O certame, primeiro da administração do governador de São Paulo, João Doria (PSDB), será um termômetro importante para medir o apetite dos investidores nacionais e estrangeiros pelas estradas paulistas.
Alguns riscos decorrentes de modernizações feitas pelo governo, entretanto, devem fazer parte da conta a ser feita pelos concessionários.
O certame deveria ter acontecido no dia 28 de novembro, mas foi postergado depois de representação contra o edital. O Tribunal de Contas do Estado de São Paulo (TCE-SP) julgou a queixas como improcedentes, mas pediu um prazo de mais 25 dias para que fosse feita a concorrência.
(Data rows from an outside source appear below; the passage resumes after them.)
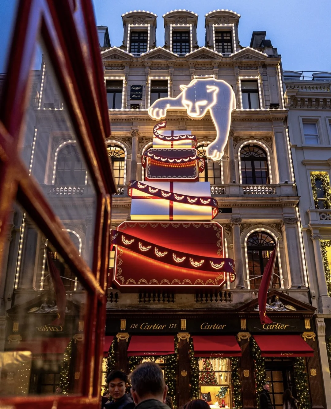 数十万颗灯泡裹住建筑,特里顿和宁芙仙女雕塑亮灯后像钻石,橱窗是「圣诞童话」主题
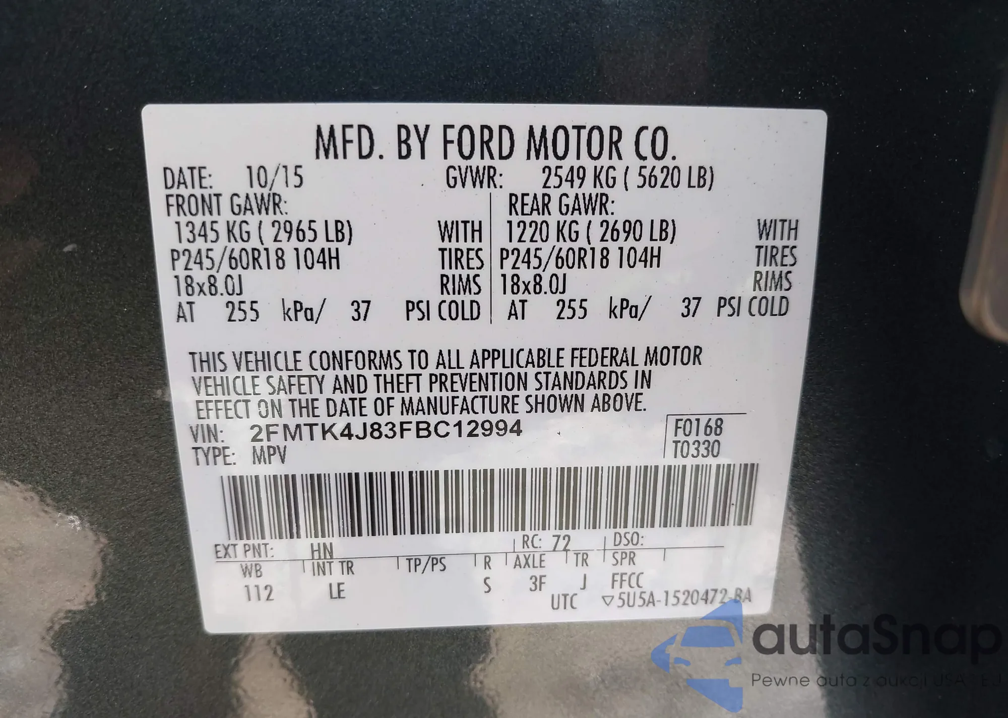 VIN: 2FMTK4J83FBC12994
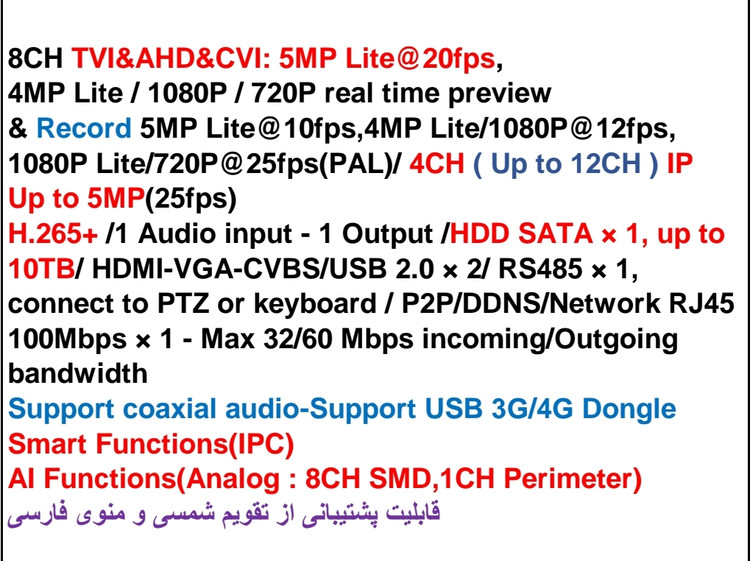 بازپخش همزمان : 8 CH(Analog & AHD/CVI/TVI)/ 1 CH IPC
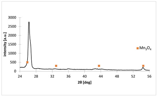 Table 4 shows the composition of the solid residues after reductive leaching for different liquid–solid ratio ratios. As the liquid–solid ratio increases, the concentrations of manganese and zinc in solids decrease, to approx. 4 and 1.5 wt.%, respectively, and the concentrations of iron, barium and sulfur increase; the exception is liquid–solid ratio = 40 g∙L−1, for which the zinc and manganese contents increase to approx. 12 and 11% by mass, respectively, compared to liquid–solid ratio = 30 g∙L−1. Iron does not dissolve and its content in solid residue is from about 1 to about 33% by mass; the sulfur content is likely to be due to the precipitated sulphate salts; the presence of barium can be explained as the presence of scrap electrical elements containing perovskites (barium compounds) [42]—the barium content reaches up to about 40% by mass. The manganese contained in the residue is primarily insoluble Mn3O4 (Figure 9), which cannot be leached under these technological conditions. Please note that the residue also includes graphite which, due to the composition determination method, cannot be determined.
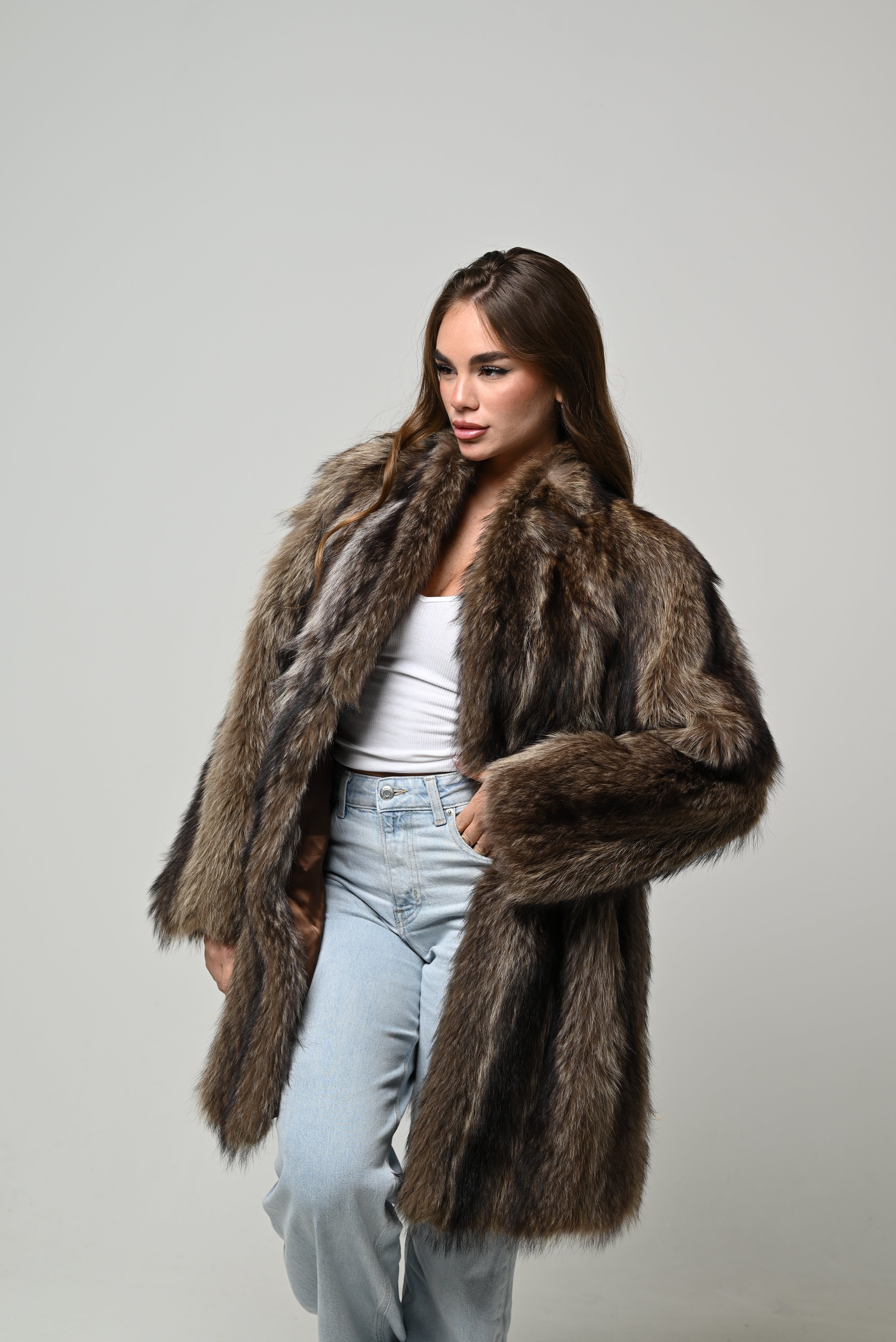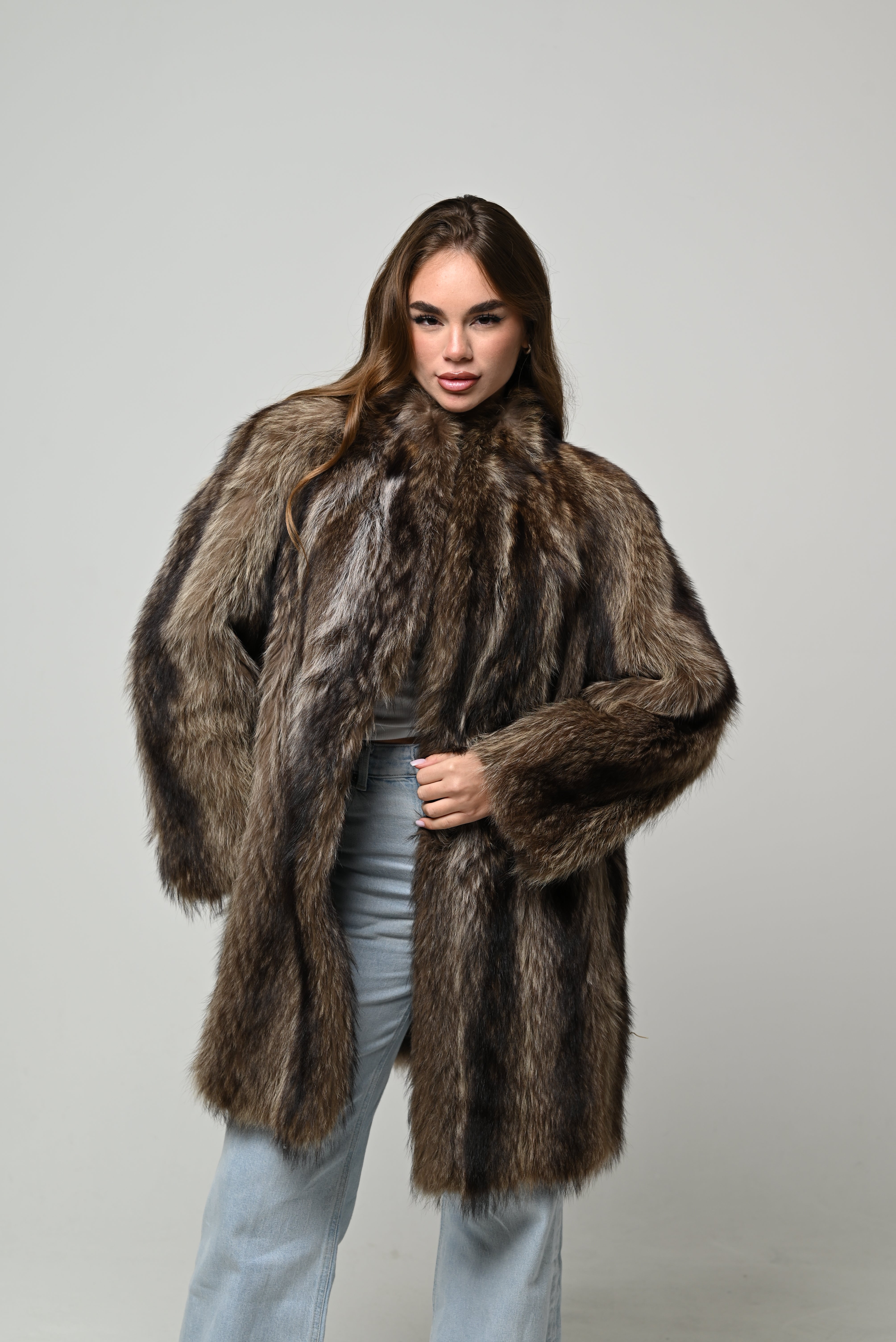 Pelliccia vintage in vera pelliccia naturale di marmotta, modello medio con linea pulita e vestibilità morbida. Pelo lungo, pieno e ultra soffice, con sfumature naturali nei toni del marrone caldo e nocciola che donano profondità al colore e rendono il capo estremamente elegante e versatile. Lavorazione a fasce verticali che slancia la figura, con collo morbido e maniche ampie per un fit avvolgente e raffinato. Chiusura frontale invisibile e interno foderato per maggiore comfort. Range taglie consigliato: dalla 40 alla 44
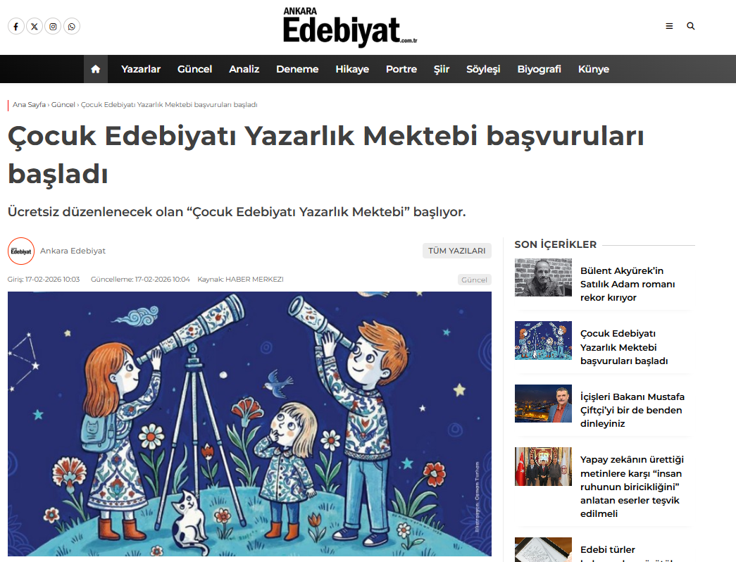 17/02/2026ÇOCUK EDEBİYATI YAZARLIK MEKTEBİ BAŞVURULARI BAŞLADI

Isso porque o tribunal determinou a republicação de um esclarecimento sobre o edital.
No total, a concessão tem previsão de investimentos da ordem de R$ 14 bilhões em 30 anos para o trecho entre a cidade de Piracicaba, na região de Campinas, e o município de Panorama, no extremo Oeste do Estado, divisa com o Mato Grosso do Sul.
Lançada em meados de 2019, a concorrência engloba 218 quilômetros atualmente operados pela concessionária Centrovias, do Grupo Arteris, cujo contrato vence no primeiro trimestre deste ano, além de 1.055 quilômetros operados pelo DER-SP.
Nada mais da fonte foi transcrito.